Delayed payments make matters worse. MSMEs already operate at the mercy of larger buyers that routinely stretch payment cycles. In normal times, that is damaging enough. In a period of external disruption, it becomes existential. Working capital gets locked up just when firms need it most.

India’s MSME distress is not just a problem of credit access. It is also a problem of receivables. Small firms are often compelled to extend informal credit to larger buyers through delayed payments, locking up working capital for weeks or months. In periods of external disruption, this becomes the main transmission channel of stress. The policy challenge is not merely to expand lending, but to ensure faster settlement, wider use of receivables financing, and more credible enforcement against payment delays.

The cycle is now clear. External shocks disrupt trade. Disrupted trade delays payments. Delayed payments strain cash flows. Strained cash flows increase reliance on short-term credit. And greater dependence on short-term credit without revenue growth leaves firms in an even more precarious position.

India needs cash-flow-based MSME lending

This is the moment to move beyond collateral-based lending towards cash-flow-based assessment. If viability is judged less by fixed assets and more by a firm’s capacity to generate and manage cash, temporary disruptions can be absorbed without pushing otherwise sound businesses to the edge.

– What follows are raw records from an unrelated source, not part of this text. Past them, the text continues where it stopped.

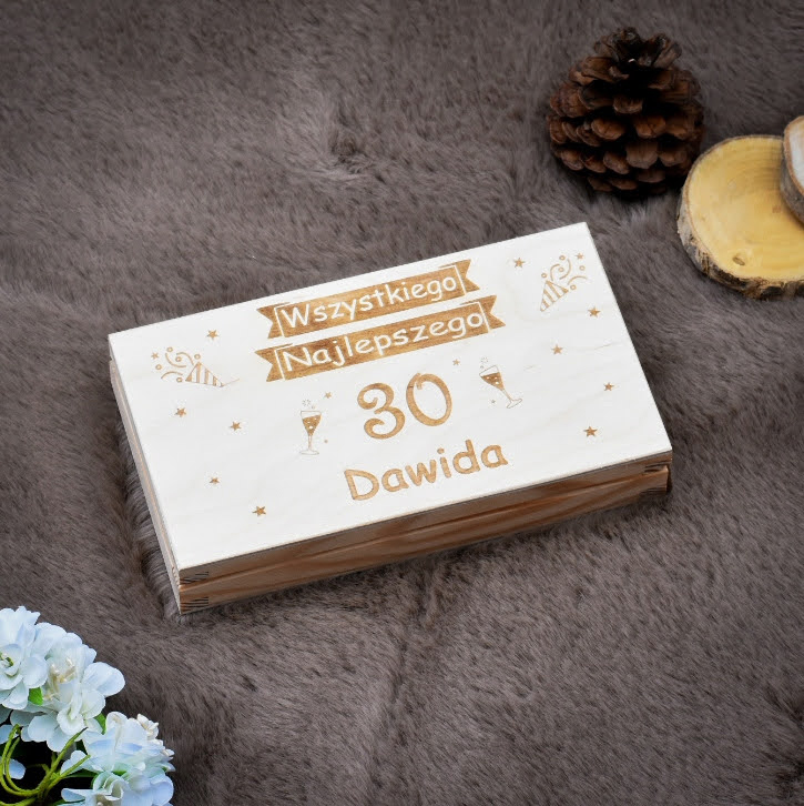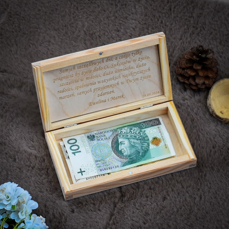 Drewniane pudełko na pieniądze to elegancka i trwała alternatywa dla tradycyjnej koperty. Personalizowana forma prezentu gotówkowego, która pełni jednocześnie funkcję pamiątki urodzinowej.
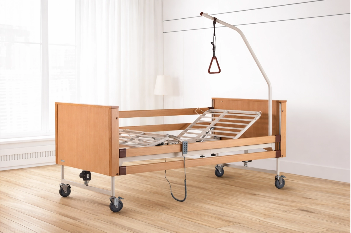Elektrická polohovací postel Socrate je určena pro domácí i profesionální péči. Nabízí elektrické nastavení výšky, zadního i stehenního dílu, pevnou konstrukci a dřevěné bočnice pro přirozený vzhled v interiéru. Vhodná pro dlouhodobé používání.
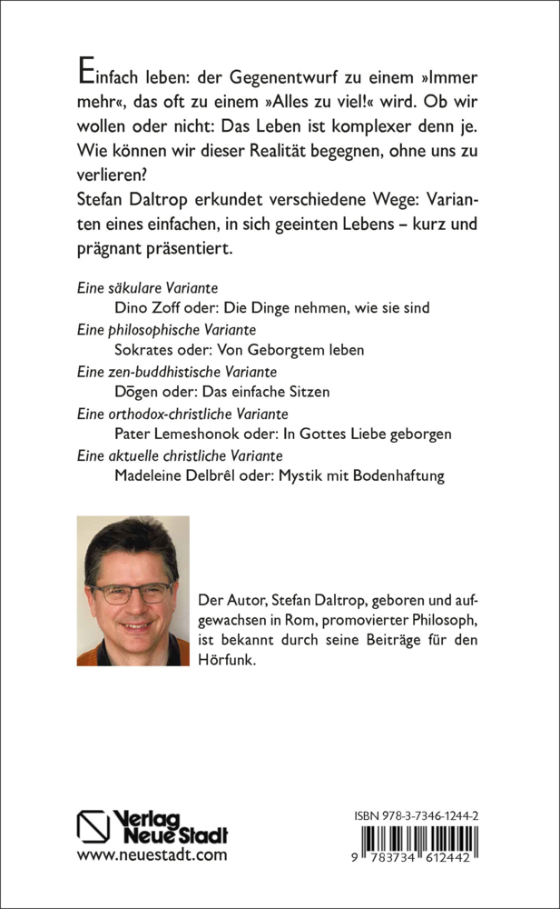Einfach leben: der Gegenentwurf zu einem »Immer mehr«, das oft zu einem »Alles zu viel!« wird. Ob wir wollen oder nicht: Das Leben ist komplexer denn je. Wie können wir dieser Realität begegnen, ohne uns zu verlieren? Stefan Daltrop erkundet verschiedene Wege:...
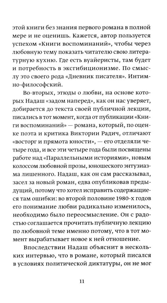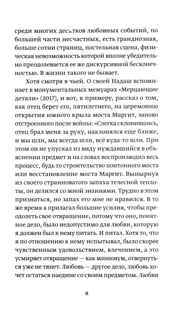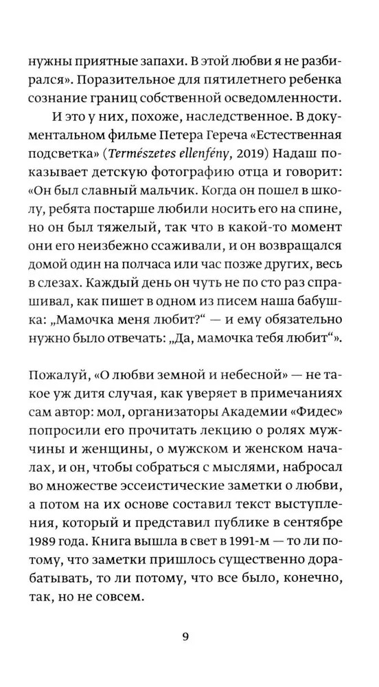 В пространном философском эссе «О любви земной и небесной» всемирно признанный венгерский романист Петер Надаш (р. 1942) исследует нашу неспособность говорить о любви, неумение находить слова для того, что не дает нам покоя. В эссе, название которого отсылает к знаменитой картине Тициана, разбор античных мифов, «Метаморфоз» Овидия и платоновских диалогов сменяется анализом житейских историй, обсценной лексики и любовных норм, предписываемых людям в разных обществах. Рассуждение, в котором разбор одного вопроса ведет к появлению следующего, а Тереза Авильская вступает в разговор с Витгенштейном, заканчивается лекцией, в которой Надаш представляет собственную концепцию любви. Этот текст — работа романиста в амплуа философа, своего рода обратная параллель к «Фрагментам речи влюбленного» Ролана Барта.

There is also a case for targeted intervention rather than broad relief. Support should go to firms clearly hit by the crisis. That could include temporary interest subvention, partial government-backed risk sharing to support fresh lending, or calibrated flexibility in repayment schedules. The aim is not to insulate every business from difficulty. It is to prevent viable firms from collapsing because of a short-term external shock.

The West Asia conflict is a reminder that India’s MSME sector is now deeply integrated with global markets. That integration brings opportunity, but also vulnerability. The policy challenge is no longer just to promote MSMEs. It is to build a financial system that helps them survive a world in which such shocks may become more frequent.